Olga Botner is a professor of experimental particle physics at Uppsala University known for her work on neutrinos. She is an elected member of the Royal Swedish Academy of Sciences. From 2013 until 2017 she was the spokesperson for the IceCube Neutrino Observatory.

== Education and career ==
Botner received her candidate (degree) from the University of Copenhagen in 1978. She earned her Ph.D. in 1985 from the University of Copenhagen.
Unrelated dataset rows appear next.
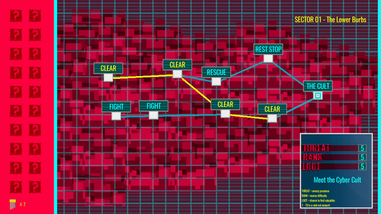 Cyber Cult City is a hoverboarding and hacking Cyberpunk roguelike focused on hit and run tactics.
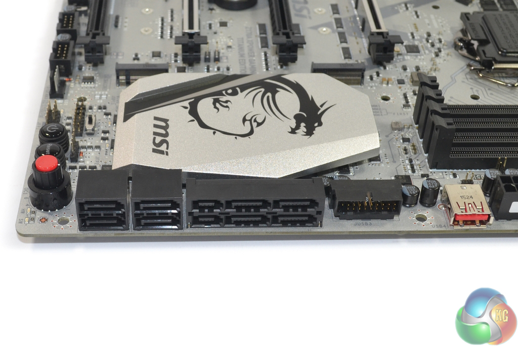 A total of eight SATA 6Gbps ports are provided, six of which come from the Z170 chipset (four deployed in the SATA-Express connectors) with the remaining pair being provided by ASMedia's slower ASM1061 controller (use these for slower drives). All of the standard RAID modes are supported by the Z170-fed ports. SATA ports 7 and 8 are powered by ASMedia – MSI's onboard markings do not make this clear, however the manual does.
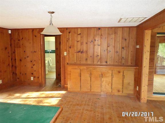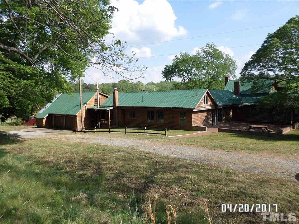 Rare opportunity to feel so rural but be so close to Durham and Chapel Hill. Spacious log home on 11+ acres. Some indications that the original cabin is from 1860s. Natural light floods through sliding glass doors into many rooms that could serve multiple uses. 3 bed/3 bath home. Two screened porches and large deck. Several outbuildings. 2 bed/1 bath brick home also on property. Septic crosses thru utility easement. Must see to appreciate.

After receiving her Ph.D., Botner worked at CERN on the Axial Field Spectrometer experiment at the Intersecting Storage Rings, which included calorimetry and quark flavor detection. She then worked on charm quark identification with the ring imaging Cherenkov counter placed in the UA2 experiment. In 1998, she transitioned to astroparticle physics and joined the Antarctic Muon And Neutrino Detector Array, a neutrino telescope located at the South Pole.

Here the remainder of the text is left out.